Aku mengangguk setelah baru saja keluar dari kamar Azhar dan menidurkannya hingga pulas. Aku menutup pintu kamar kami dan melihat Ansel ikut menutup laptopnya kemudian melepaskan kacamata anti radiasi yang di pakainya. Sementara ada selimut tebal yang masih menutupi sebagian kakinya hingga ke paha.
Perlahan, aku ikut bergabung dan langsung berbaring di sebelahnya. Mungkin aku harus sabar menunggu dia membuka pembicaraan terlebih dahulu sebelum kami benar-benar tidur.
1 menit..
5 menit..
10 menit kemudian..
Tidak terjadi apapun.
Aku menghela napas. Yaudah sih, memang bukan waktunya. Akhirnya aku memilih tidur dengan memposisikan diriku memunggunginya. Aku mencoba memejamkan kedua mataku. Tapi anehnya aku nggak bisa tidur.
Kenapa hati sama pikiran rada nggak jelas gini sih?
Tiba-tiba Ansel memelukku dari belakang. Aku mencoba untuk bersikap tenang.
"Riss.. "
"Hm?"
"Kamu sudah tidur?"
"Aku belum ngantuk. Kalau mau ngomong hal penting langsung ke intinya.." ucapku tanpa basa basi.
"Aku cuma mau minta maaf sama kamu untuk kesekian kalinya karena aku sudah ngekang kamu selama ini."
"Ngekang apa?"
"Nggak bolehkan kamu ini itu.."
"Terus?"
"Aku cuma mau bikin kamu nyaman sama aku. Jadi mulai sekarang, kamu boleh kembali bekerja."
"Kamu lagi baik-baik aja kan? Kepala kamu habis kejedot? Tumben tiba-tiba jadi kalem?"
"Kepala aku memang baik-baik aja, Riss. Aku lagi berusaha bikin kamu nyaman sama aku. Itu aja.."
"Dih bilang aja kamu mau cari kesempatan buat selingkuh kesekian kalinya di saat aku lengah bekerja kan?"
Tiba-tiba Ansel merubah posisi di atasku dengan cara mengukungku. Aku sampai terkejut apalagi kedua matanya menatapku intens.
"Sumpah Demi Allah. Aku sudah berubah dan aku tidak berniat apa-apa. Aku cuma mau ingin istriku nyaman sama aku dan aku bukan suami yang membatasi keinginannya selama itu baik. Kamu nggak percaya sama aku?"
"Bukan begitu. Aku cuma-"
Tiba-tiba Ansel menciumku. Mau tidak mau aku menutup mata. Aku tidak tau harus bagaimana merasakan semua ini. Sampai akhirnya, Ansel kembali menatapku dengan lembut.
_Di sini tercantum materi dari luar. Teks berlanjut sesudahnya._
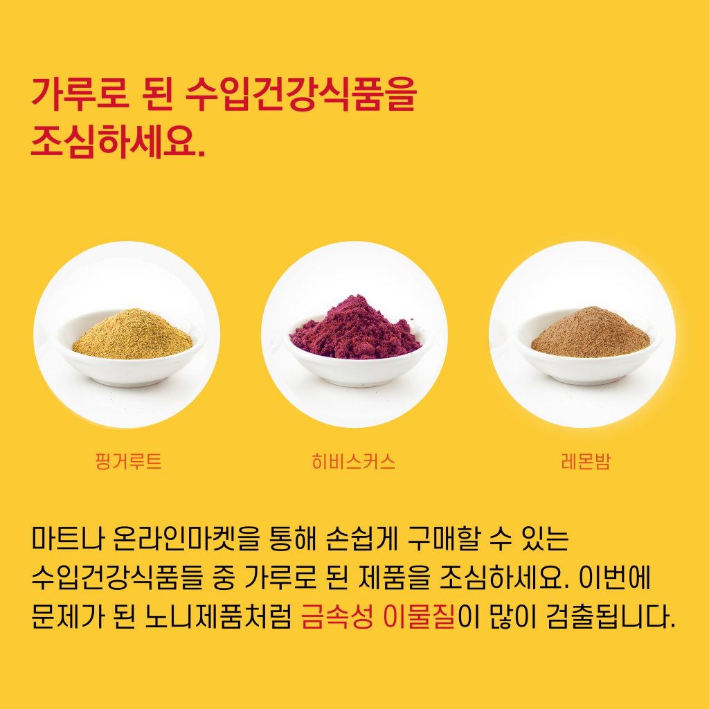 마트나 온라인마켓을 통해 손쉽게 구매할 수 있는 수입건강식품들 중 가루로 된 제품을 조심하세요. 이번에 문제가 된 노니제품처럼 금속성 이물질이 많이 검출됩니다.(핑거루트, 레몬밤, 히비스커스 등등)

"Aku percaya sama kamu Riss. Bahkan mungkin.. "
Jeda sesaat..
"Bahkan mungkin kalau kamu tiba-tiba berkeinginan mau pisah sama aku. Aku tidak bisa berbuat apa-apa selain menyetujuinya. Sudah cukup aku melukaimu selama ini.. "
****
Rissa : lah kok tiba-tiba????
Halo, apa kabar?
Kalian sehat aja kan? Yang masih menanti cerita ini lanjut makasih yaa????